◆ EXERCISE: Copy word for word the lines of the records below, beginning at the one with "곰 카시트 벨트 어깨" and finishing at the one with "Ессентуки, вид на", ends included, but none of the pictures.

◆ DATA FOR ANALYSIS:
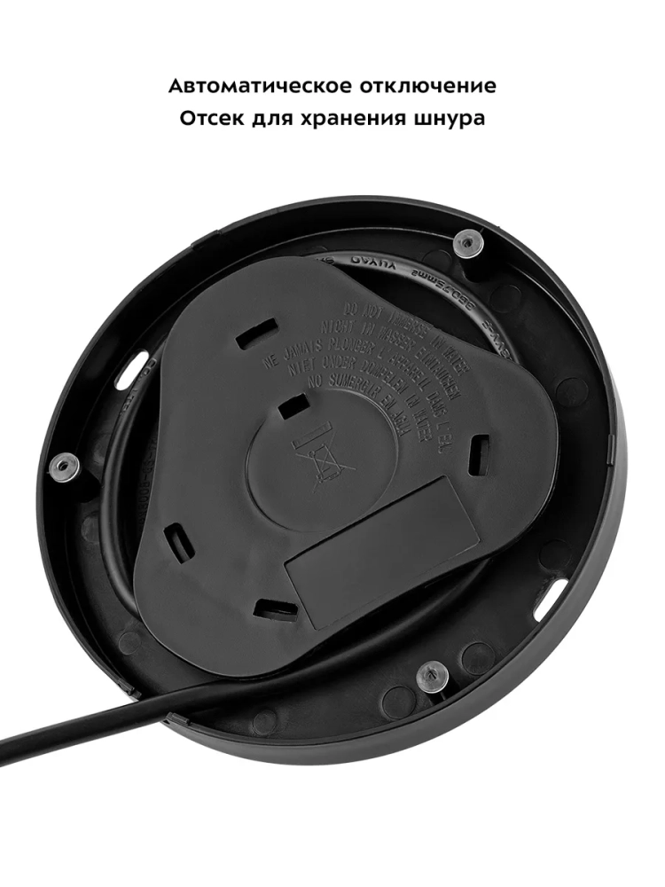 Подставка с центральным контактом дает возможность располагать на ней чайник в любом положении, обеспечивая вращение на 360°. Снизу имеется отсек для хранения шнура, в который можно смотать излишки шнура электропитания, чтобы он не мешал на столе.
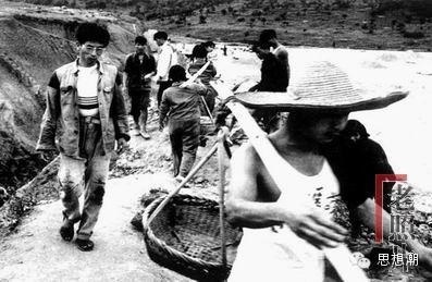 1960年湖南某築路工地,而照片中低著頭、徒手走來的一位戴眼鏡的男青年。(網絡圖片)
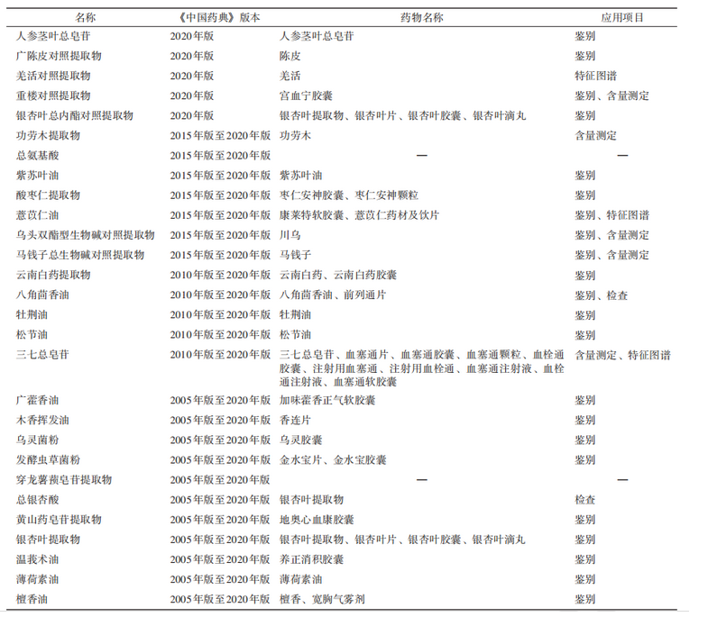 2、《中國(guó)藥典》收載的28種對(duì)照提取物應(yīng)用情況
...
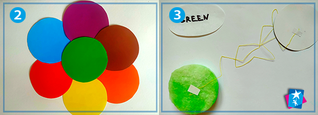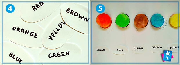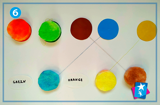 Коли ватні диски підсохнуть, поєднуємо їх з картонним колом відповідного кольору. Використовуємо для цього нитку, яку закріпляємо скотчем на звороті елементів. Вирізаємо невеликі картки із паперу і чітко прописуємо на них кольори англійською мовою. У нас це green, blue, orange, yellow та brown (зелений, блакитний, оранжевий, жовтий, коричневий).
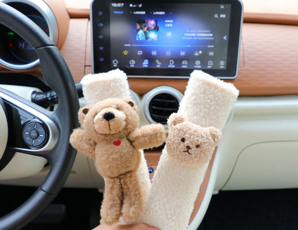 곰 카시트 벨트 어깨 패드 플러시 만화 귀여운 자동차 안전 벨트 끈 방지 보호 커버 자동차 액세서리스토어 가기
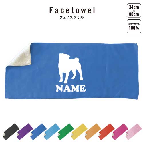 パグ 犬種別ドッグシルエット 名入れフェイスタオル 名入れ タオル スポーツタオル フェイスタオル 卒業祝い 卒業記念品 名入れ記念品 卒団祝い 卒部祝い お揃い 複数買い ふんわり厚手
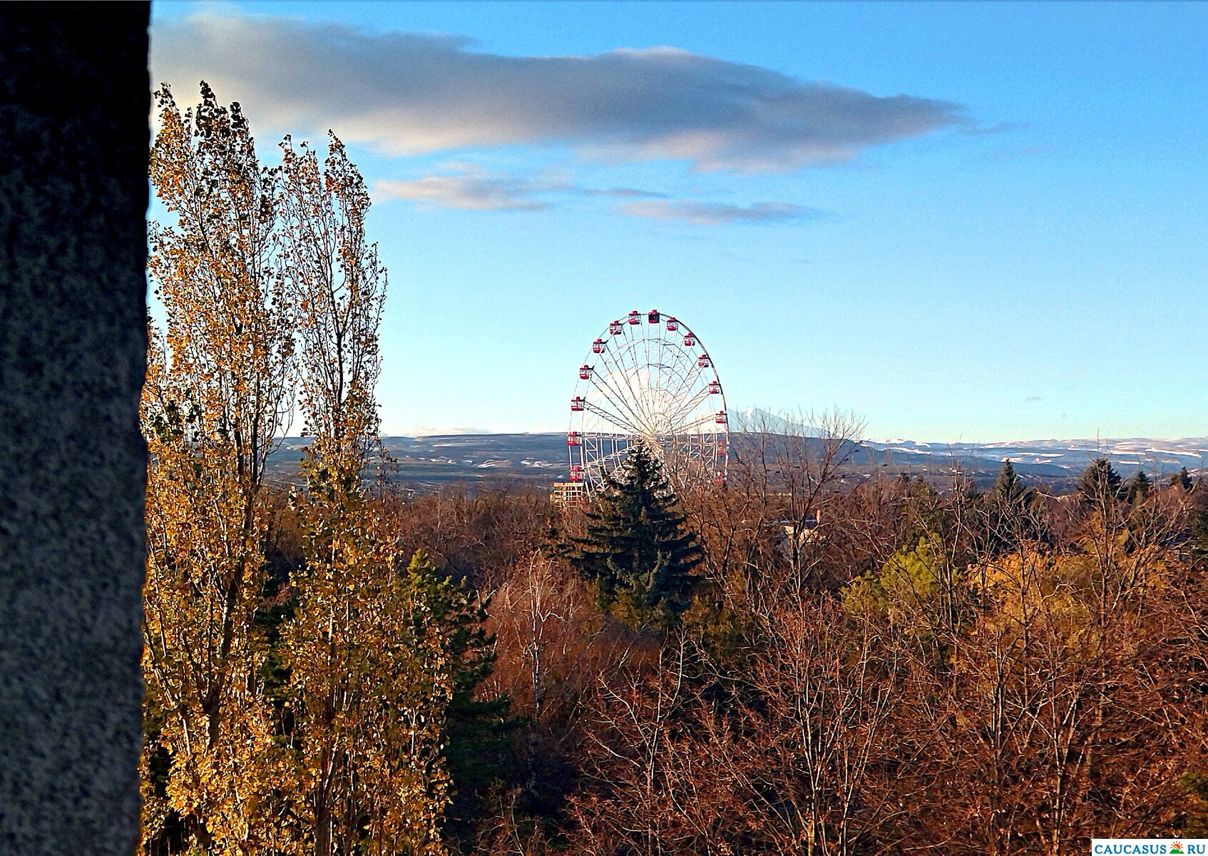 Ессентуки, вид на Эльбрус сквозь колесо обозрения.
==
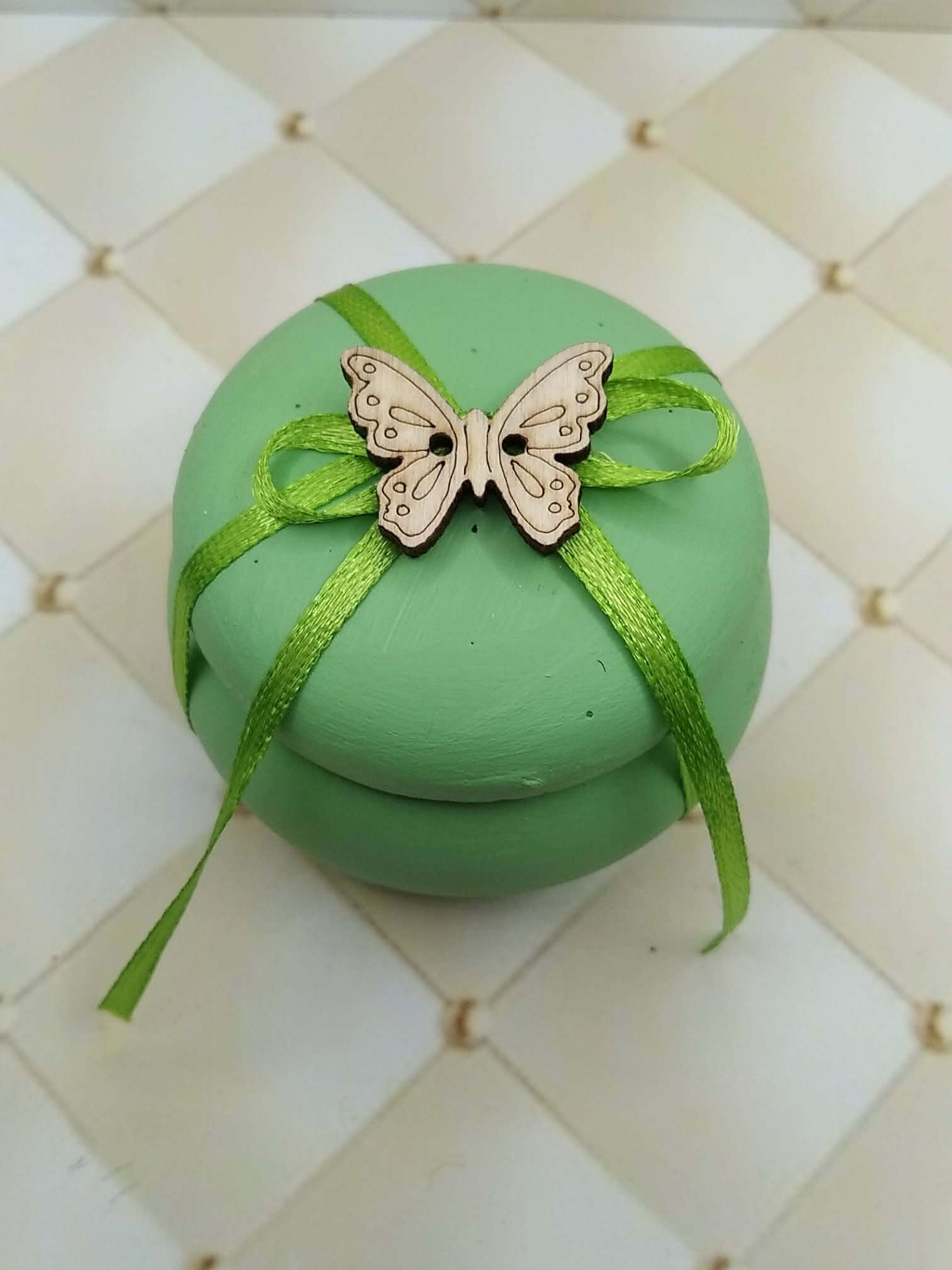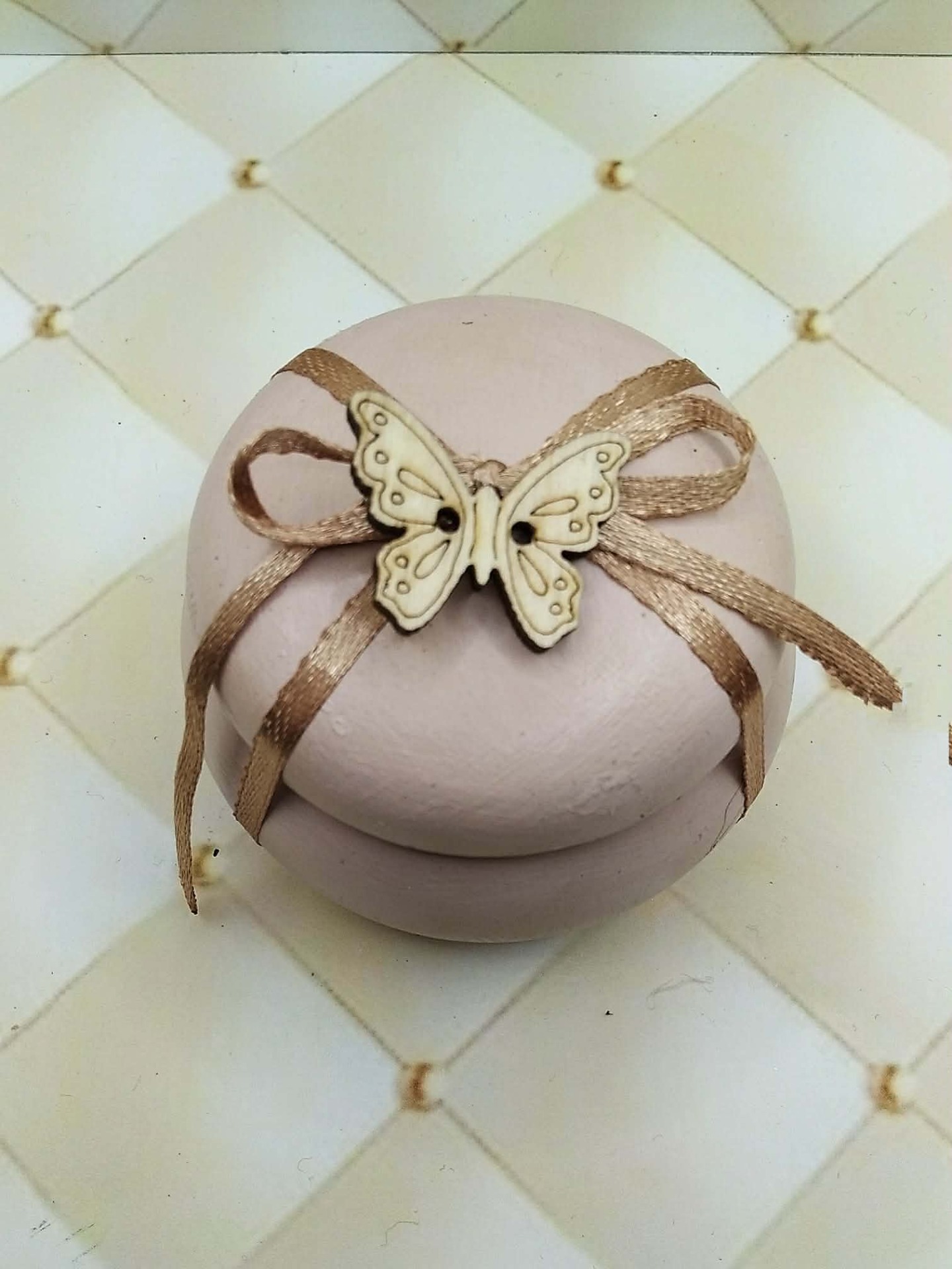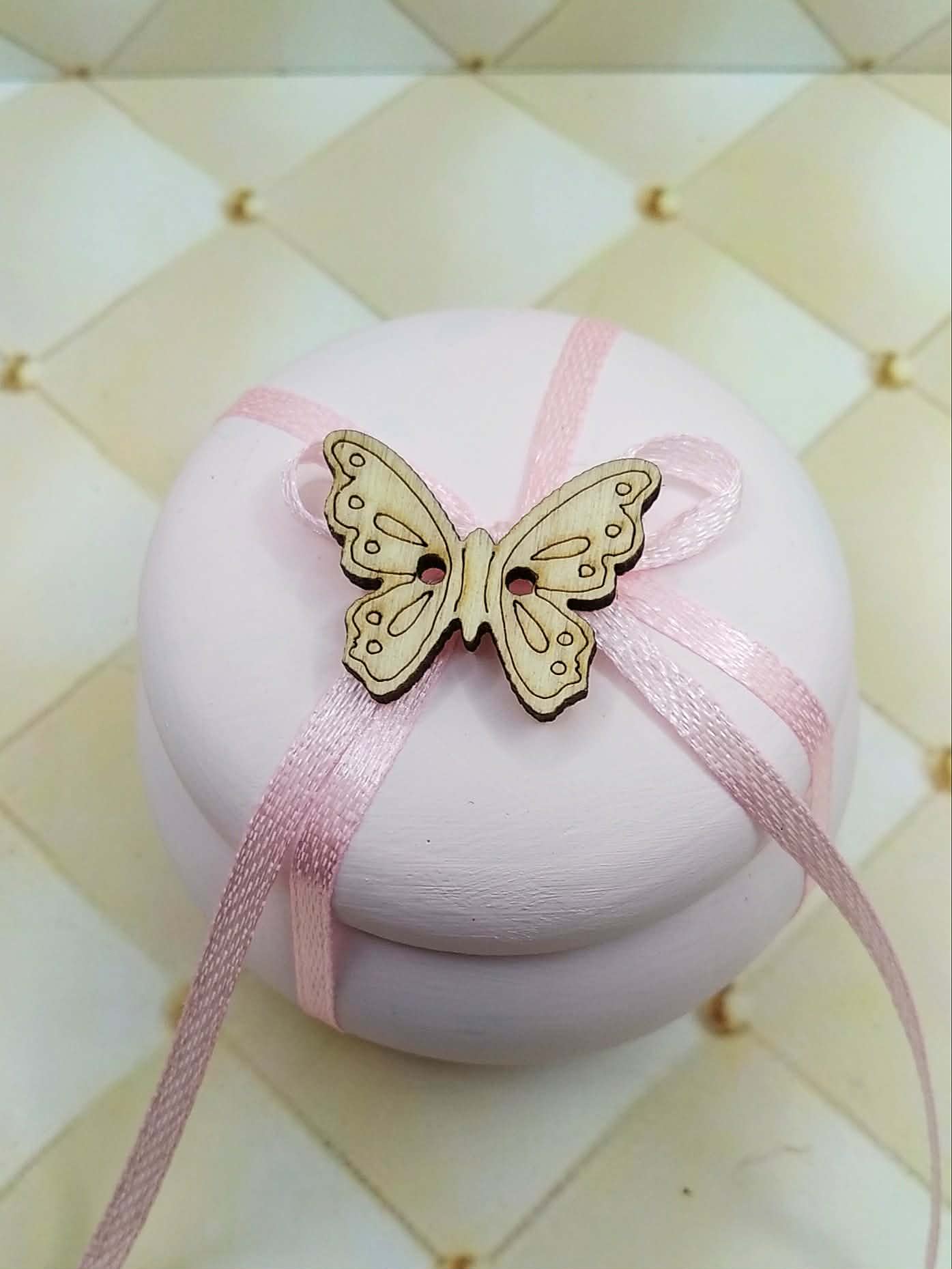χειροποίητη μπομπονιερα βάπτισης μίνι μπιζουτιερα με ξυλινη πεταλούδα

◆ WRITTEN SOLUTION:
 곰 카시트 벨트 어깨 패드 플러시 만화 귀여운 자동차 안전 벨트 끈 방지 보호 커버 자동차 액세서리스토어 가기
 パグ 犬種別ドッグシルエット 名入れフェイスタオル 名入れ タオル スポーツタオル フェイスタオル 卒業祝い 卒業記念品 名入れ記念品 卒団祝い 卒部祝い お揃い 複数買い ふんわり厚手
 Ессентуки, вид на Эльбрус сквозь колесо обозрения.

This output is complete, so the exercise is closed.